--- Exercise data Enclosed Below ---

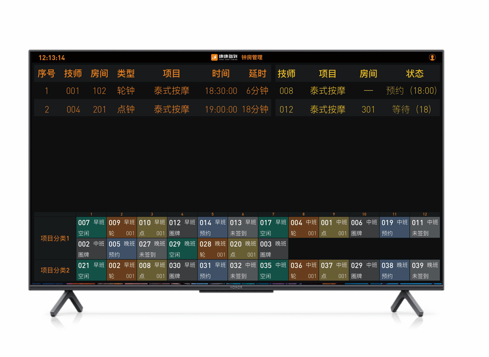 供技师使用,在钟房显示屏上显示排钟、预约、等待信息。只需显示器,节省传统主机设备。
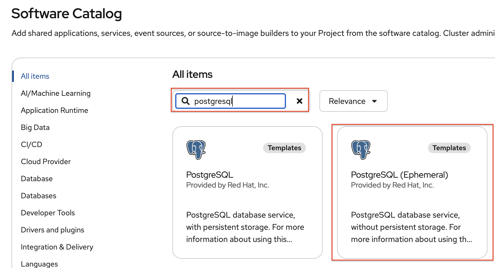 Then, Type in PostgreSQL (Ephemeral) in the search box, and select the PostgreSQL (ephemeral):
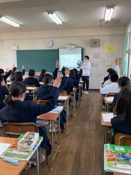 1年生社会の授業。前回学習した「緯度」を振り返り「経度」についての学習です。
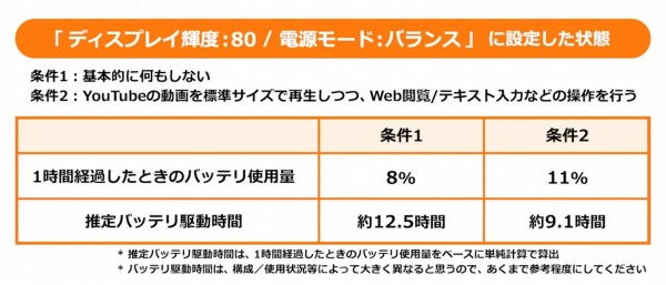 UQのバッテリ駆動時間を実際に計測してみました。 条件1の何もしない状態、条件2の動画再生した状態とも約20時間バッテリが駆動する計算です(バッテリ駆動時間は、構成/使用状況等によって大きく異なると思うので、あくまで参考値としてください)。
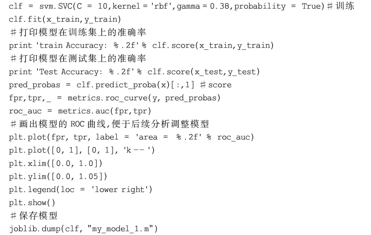 通过训练集训练数据得出模型,使模型进行情感分类。这里,使用训练集和测试集来拟合并保存模型。
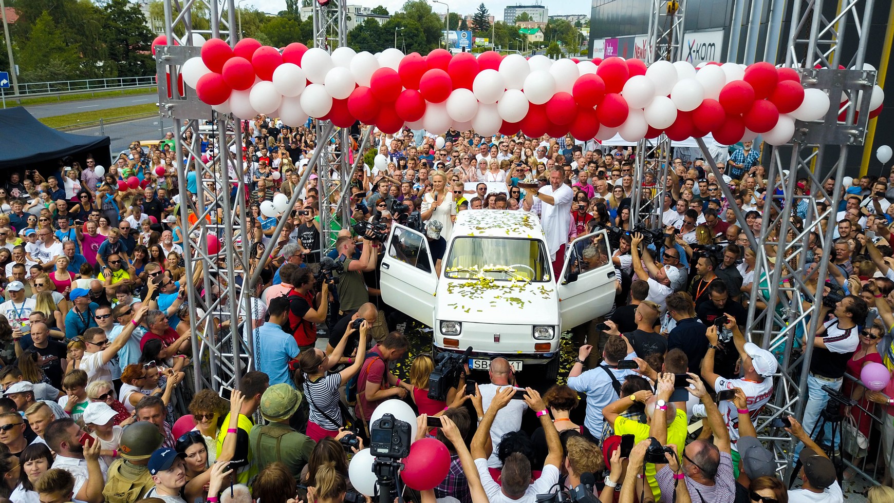 Biały, Bielsko-Biały! Po tych słowach pokazano Malucha dla Toma Hanksa w dniu 61. urodzin amerykańskiego aktora przed Centrum Handlowym Gemini Park w Bielsku-Białej.

--- End of Enclosed Exercise data ---

-- Directions --
Leave out each picture and extract the lines from the one containing "UQのバッテリ駆動時間を実際" through the end of the records above, inclusive, exactly as they stand.

-- Result for this task --
 UQのバッテリ駆動時間を実際に計測してみました。 条件1の何もしない状態、条件2の動画再生した状態とも約20時間バッテリが駆動する計算です(バッテリ駆動時間は、構成/使用状況等によって大きく異なると思うので、あくまで参考値としてください)。
 通过训练集训练数据得出模型,使模型进行情感分类。这里,使用训练集和测试集来拟合并保存模型。
 Biały, Bielsko-Biały! Po tych słowach pokazano Malucha dla Toma Hanksa w dniu 61. urodzin amerykańskiego aktora przed Centrum Handlowym Gemini Park w Bielsku-Białej.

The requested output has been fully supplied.